I am the owner of the table, so I don't think it is an error permission. Maybe of the capacity of the server?, because it says: TASK_WRITE_FAILED

When constructing the data dataframe it conects to MongoDB to obtain the configuration of the table (delimiters, etc) and the name of the fileds. (I think doesn´t have any importance)

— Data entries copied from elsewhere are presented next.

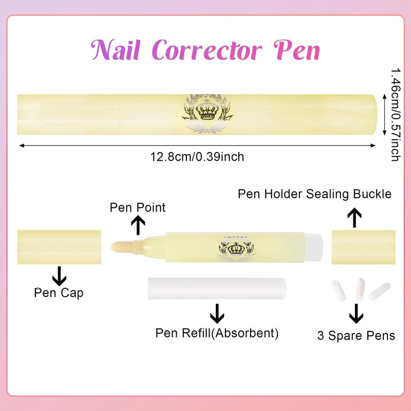 - Package Includes: you will receive 8 nail polish correction pens, each with 3 extra nibs, replaceable and reusable, If you accidentally apply nail polish to the wrong place, you can remove it with our nail edge cleaner.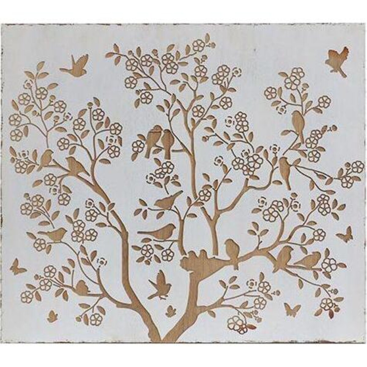 Art opens up a dimension of beauty that we can seldom perceive with our eyes open as we are always surrounded by stark truths that are seldom pleasing. Adding this gorgeous nature based artwork will allow your wall space to create a feeling of deep satisfaction that comes from having something peaceful and serene in the home. Like the sounds of faraway church bells or the first twitter of birds very early in the morning, this white and wood coloured cutwork art is robust and serene, simple yet surprising and so very natural in its appeal. The tiny birds atop the braches seem to have to have almost come to life, their postures as if indicating their desire to take flight, while some seem to have come back to their nest. This lovely imagery of life created through a simple cutwork pattern is modern yet the theme is eternal. Add it to any wall that could do with some livening up as this kind of art is a great filler for any kind of décor, modern or vintage, Oriental or otherwise, because one cannot really be too far from a nature based art form in any form of décor. The height of the plaque is 82 cm and its width is 91 cm. It would especially lovely at the back of the main couch, or behind the headboard of beds as a background art.
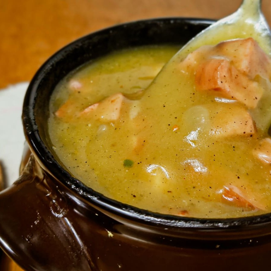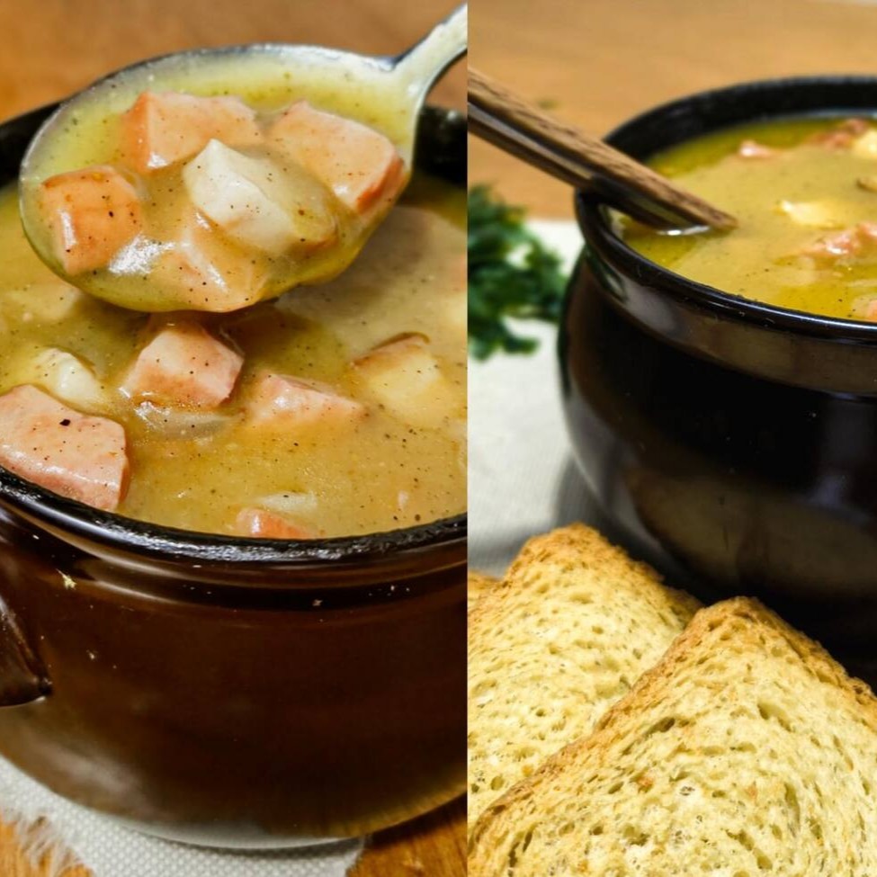 Um excelente caldo de mandioquinha com calabresa picada e cheiro verde.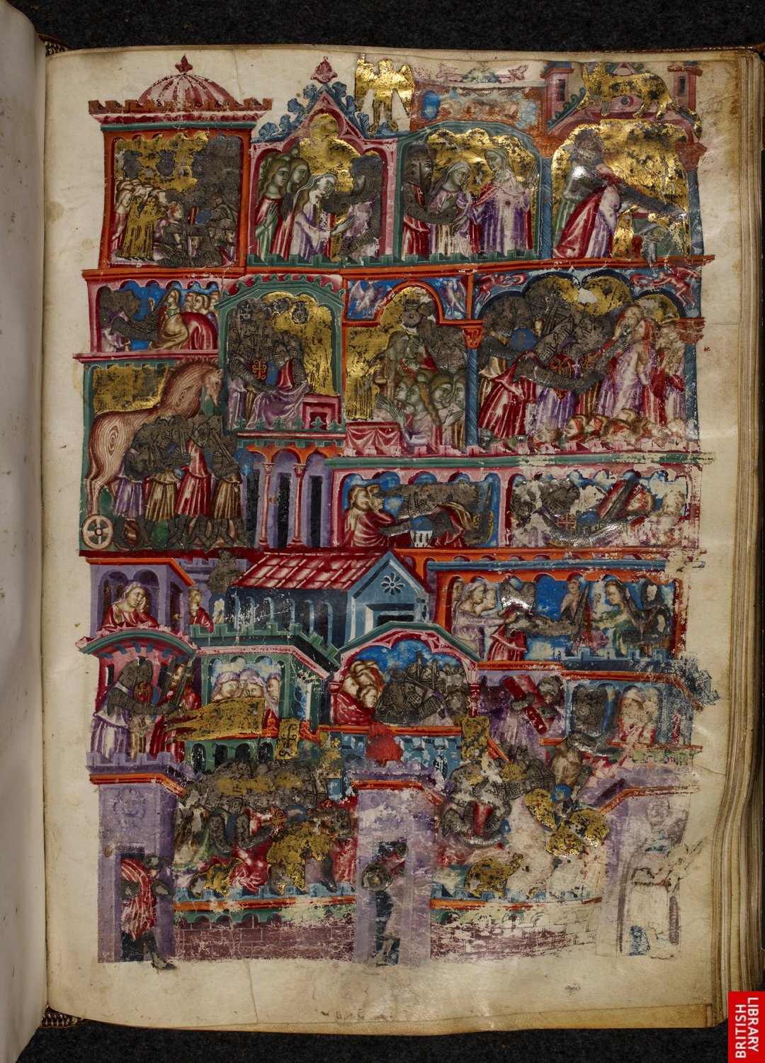 Manuscrit napolitain du 14e ; dans un style très singulier, une chronique populaire de l’histoire ancienne jusqu’à César ; ici le sac de Troie!! Les couleurs acides et la stylisation des figures sont exceptionnelles, tout comme ces pages entièrement peintes.

If it helps, the original csv has 116 columns, and 3900 files (the rest of the tables doesn't have so many columns).
Maybe the number of columns is a problem?

Any help or suggestion would be appreciatte.

Thanks.

Kaniz_Fatma · ‎03-15-2024

Hi @chemajar , It appears that you’re encountering a module import issue related to ‘delta.connect’ when writing data to a database table in Databricks using Scala.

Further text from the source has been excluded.